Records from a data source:
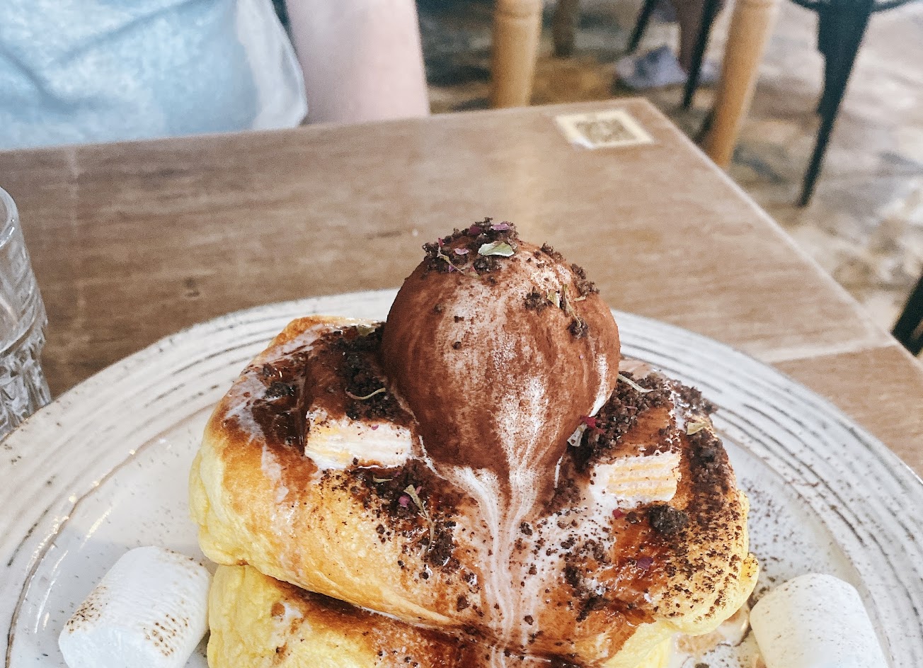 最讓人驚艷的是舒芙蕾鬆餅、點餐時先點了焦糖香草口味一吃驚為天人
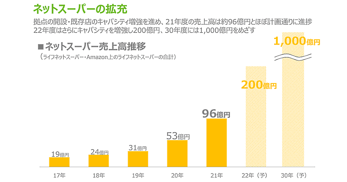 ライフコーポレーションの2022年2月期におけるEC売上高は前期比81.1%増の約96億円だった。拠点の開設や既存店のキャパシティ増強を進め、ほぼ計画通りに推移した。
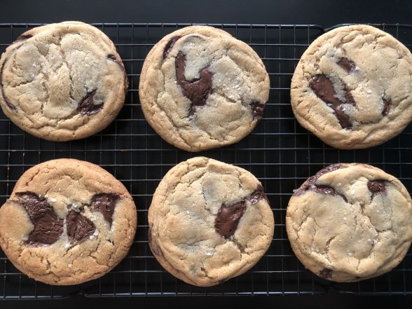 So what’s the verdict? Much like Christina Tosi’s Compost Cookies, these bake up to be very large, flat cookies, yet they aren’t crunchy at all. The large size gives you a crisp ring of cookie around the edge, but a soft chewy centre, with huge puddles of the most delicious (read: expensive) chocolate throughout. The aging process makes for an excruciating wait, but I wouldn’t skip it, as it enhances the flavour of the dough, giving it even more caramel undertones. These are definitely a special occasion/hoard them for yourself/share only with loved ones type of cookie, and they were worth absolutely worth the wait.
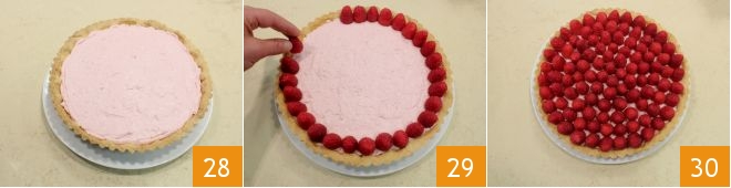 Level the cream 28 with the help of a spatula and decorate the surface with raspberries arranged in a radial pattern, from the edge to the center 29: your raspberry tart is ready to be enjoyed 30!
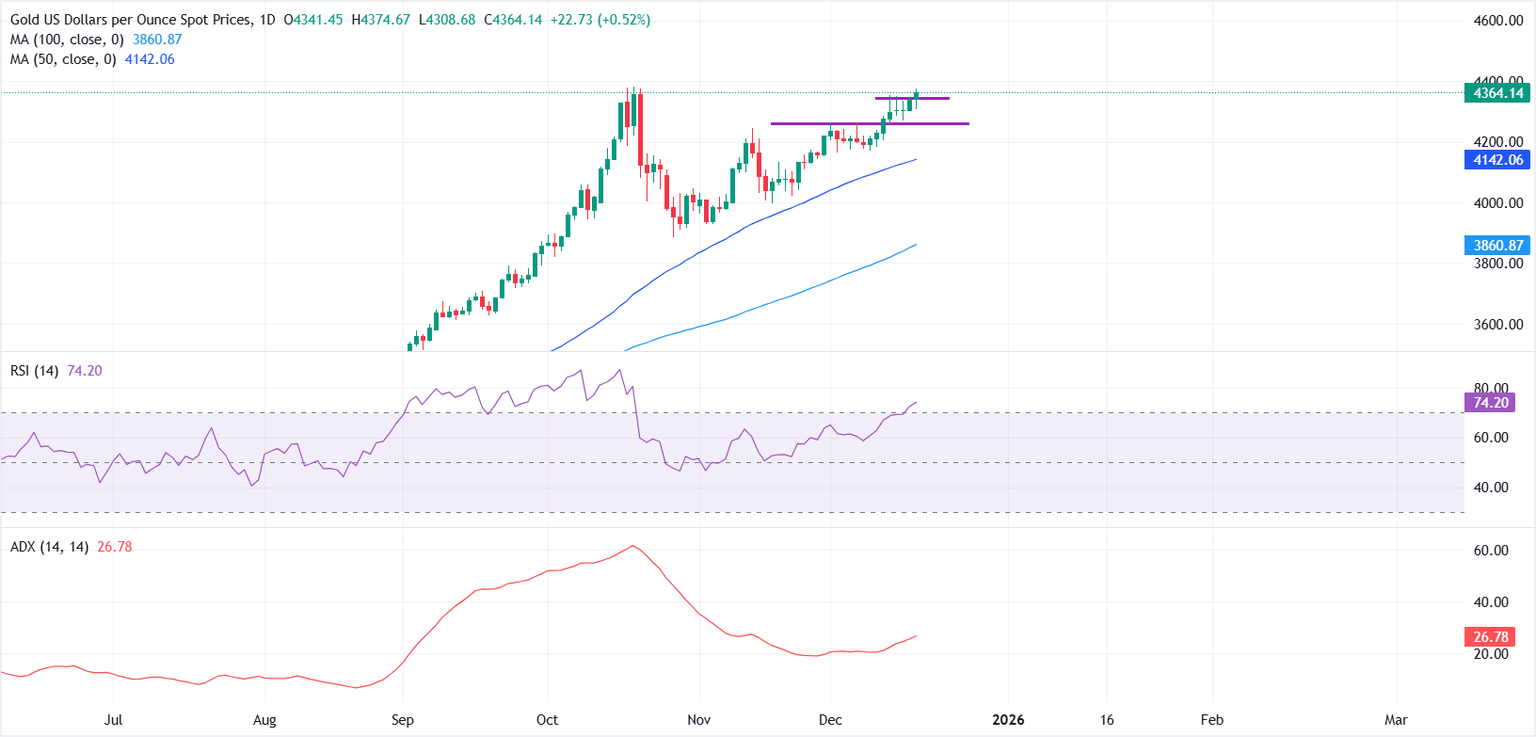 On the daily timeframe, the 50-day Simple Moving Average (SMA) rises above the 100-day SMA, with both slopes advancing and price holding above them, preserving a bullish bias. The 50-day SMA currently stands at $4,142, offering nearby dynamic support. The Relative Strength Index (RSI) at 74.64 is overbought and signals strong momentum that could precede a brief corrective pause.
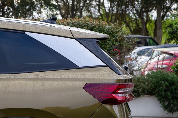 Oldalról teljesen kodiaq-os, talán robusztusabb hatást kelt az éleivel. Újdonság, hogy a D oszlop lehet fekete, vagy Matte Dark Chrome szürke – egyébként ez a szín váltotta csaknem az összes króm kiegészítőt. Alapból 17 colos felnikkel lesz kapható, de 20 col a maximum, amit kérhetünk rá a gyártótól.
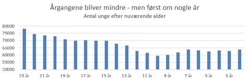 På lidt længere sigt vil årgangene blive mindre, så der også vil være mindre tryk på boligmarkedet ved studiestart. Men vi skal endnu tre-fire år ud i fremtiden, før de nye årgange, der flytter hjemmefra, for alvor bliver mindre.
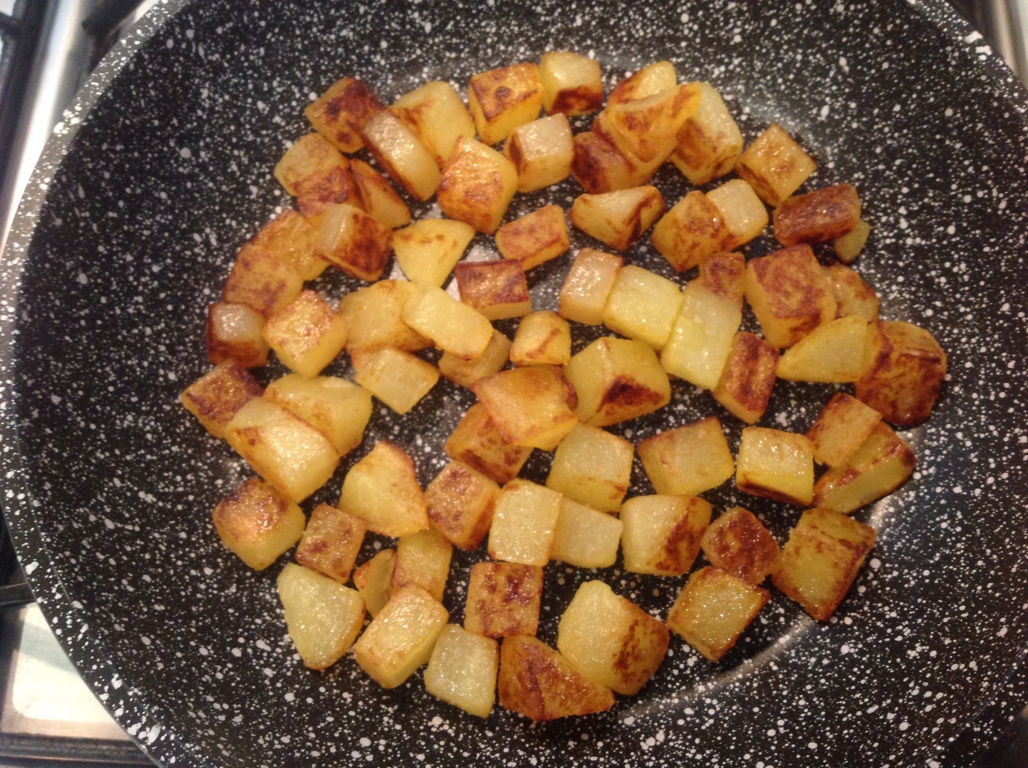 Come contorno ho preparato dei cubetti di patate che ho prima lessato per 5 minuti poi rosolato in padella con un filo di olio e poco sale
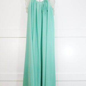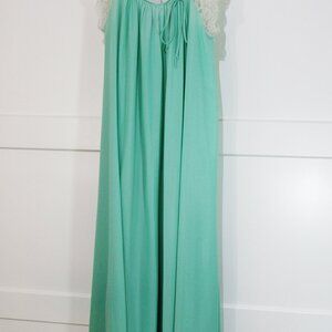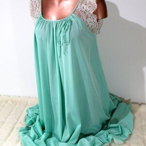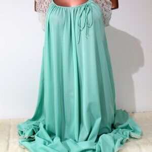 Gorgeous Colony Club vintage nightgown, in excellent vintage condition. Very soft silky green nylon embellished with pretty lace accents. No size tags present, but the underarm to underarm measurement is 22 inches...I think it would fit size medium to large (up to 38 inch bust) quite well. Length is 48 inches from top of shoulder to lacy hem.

ACTION ITEM — Copy word for word the lines of the records above from the one with "So what’s the" up to and including the one with "On the daily". Skip the pictures.

SOLUTION FOR THIS PROBLEM —
 So what’s the verdict? Much like Christina Tosi’s Compost Cookies, these bake up to be very large, flat cookies, yet they aren’t crunchy at all. The large size gives you a crisp ring of cookie around the edge, but a soft chewy centre, with huge puddles of the most delicious (read: expensive) chocolate throughout. The aging process makes for an excruciating wait, but I wouldn’t skip it, as it enhances the flavour of the dough, giving it even more caramel undertones. These are definitely a special occasion/hoard them for yourself/share only with loved ones type of cookie, and they were worth absolutely worth the wait.
 Level the cream 28 with the help of a spatula and decorate the surface with raspberries arranged in a radial pattern, from the edge to the center 29: your raspberry tart is ready to be enjoyed 30!
 On the daily timeframe, the 50-day Simple Moving Average (SMA) rises above the 100-day SMA, with both slopes advancing and price holding above them, preserving a bullish bias. The 50-day SMA currently stands at $4,142, offering nearby dynamic support. The Relative Strength Index (RSI) at 74.64 is overbought and signals strong momentum that could precede a brief corrective pause.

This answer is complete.